妖精美術館と斎藤清美術館

もともと今回の会津地方遠征については、南から台風が北上するタイミングと重なっていたので天候には恵まれませんでした。

結果的には雨が上がっている時間帯、晴れ間の見える時間帯もありましたが、それでもおおむね雨に降られているといってよい道中で、本数の少ない只見線を撮る合間のアイドルタイムを、雨の中で観光客としてどう有意義に使うかは悩みどころです。

わたしは今回は2箇所の美術館を巡って楽しむことにしました。まずはこちら。

人形創作家の若月まり子さんによる、妖精をテーマにした見事なビスクドールは沼沢湖の湖畔に建つ妖精美術館に展示されています。

館内の若月作品をもう1点、こちらは同じ妖精でもシェイクスピア「夏の世の夢」の妖精ロビン・グッドフェロー(妖精パック)をイメージしたものだそうです。
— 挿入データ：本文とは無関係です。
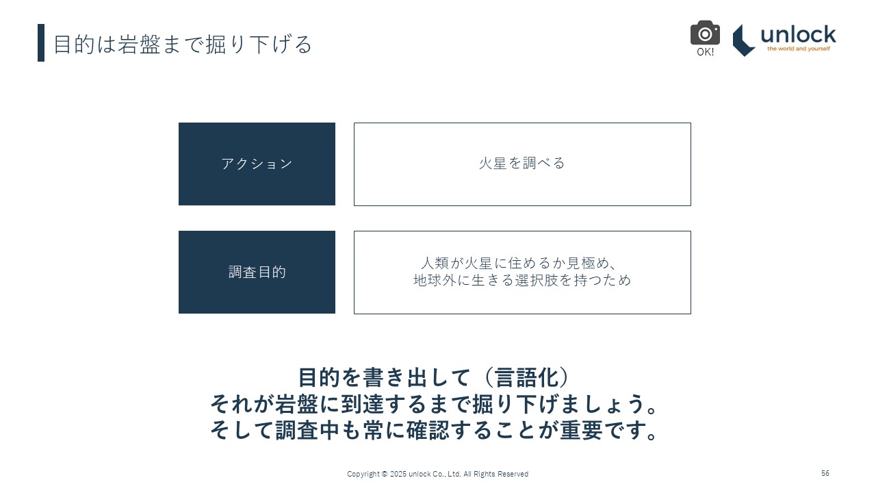 実際に聞いてみると「案外違うんだな」ということがあるので、最初に「ちょっと火星調べて」と言われたときに「わかりました」と取り組むのはもちろん重要なフットワークですが、目的を書き出して、岩盤まで自分なりに掘り下げて、それを確認することで、一番手戻りが少なく、結論もシャープな調査をすることができます。

この美術館の展示物の中心は、英文学者で妖精学の第一人者、井村君江さんのコレクションを中心に妖精に関する絵画や資料ですが、文学としてのファンタジー(妖精物語)の世界に縁遠い私は、つい若月さんのビスクドールや、天野喜孝さん作のステンドグラスの方に目を惹かれます。

素人目に一番「天野喜孝っぽく」思えた、上から2枚めのガラス窓を拡大しておきます。実に美しい。ちなみにこの絵柄でわかるかもしれませんが作品の題材は「夏の世の夢」です。

主展示室の全景はこんな感じ。こじんまりとして落ち着いた館内です。

せっかくの収蔵展示なので、井村君江さんの入門書でも読んで勉強しておけばもう少し有難みがわかったかと、プチ後悔しました。

少し趣の違うこんな展示も。”妖精物語の時代”の文物という感じ。

妖精の世界はなかなか魅力的ですが、展示にしたがえば「妖精の国への行き方」は

白馬などの特別な乗り物に乗る
杖やリンゴの枝を使う
妖精の王の案内
妖精に誘拐される
フェアリー・リングに入る
丘が開き吸い込まれる

などの手段が必要だそうです。わたしにはちょっと難易度が高いかなと思いますので、今のところ妖精美術館で我慢しておいた方がよさそうです。

完全に撮影自由、という太っ腹なレギュレーションが素敵で、入館料も安いし、静かで清潔で優雅な妖精の館です。只見川沿いから車で急坂を登る必要がありますが、鉄道撮影遊びの合間に一息入れて落ち着くには良い場所だと思います。

もう一箇所は、会津柳津駅に近い斎藤清美術館です。

斎藤清さん(1907-1997)は会津出身で世界的に活躍された版画家です。当館は収蔵作品の質がワールドクラスなだけでなく、施設デザインや展示の演出が非常に洗練されていて、久しぶりに使う形容詞ですがなんとも「ハイブラウ」です。失礼ながら地方の小さな公営美術館でここまでのことをやられているとは、と驚きました。

作品集は書店でも買えますが、たぶん当館でしか買えないポストカードも気が利いていて素敵です。おひざ元だけあって非常に多くの作品のポストカードが用意されていて「よりどり6点で1000円」はかなりお買い得だと思いましたね。

館内はカメラでの撮影ができず、せめて外観写真だけでもと思ったのですが、あいにく土砂降りの時に訪ねたので写真が1点も残せません(残念!)でした。文字面だけでの紹介で、悪しからず。

斎藤清美術館の隣に並んで道の駅 会津柳津の物販・飲食施設があり、買い物や休憩にも便利です。都会的でハイブラウな美術館と、民俗的で大衆目線の道の駅のギャップを楽しむのも、また一興です。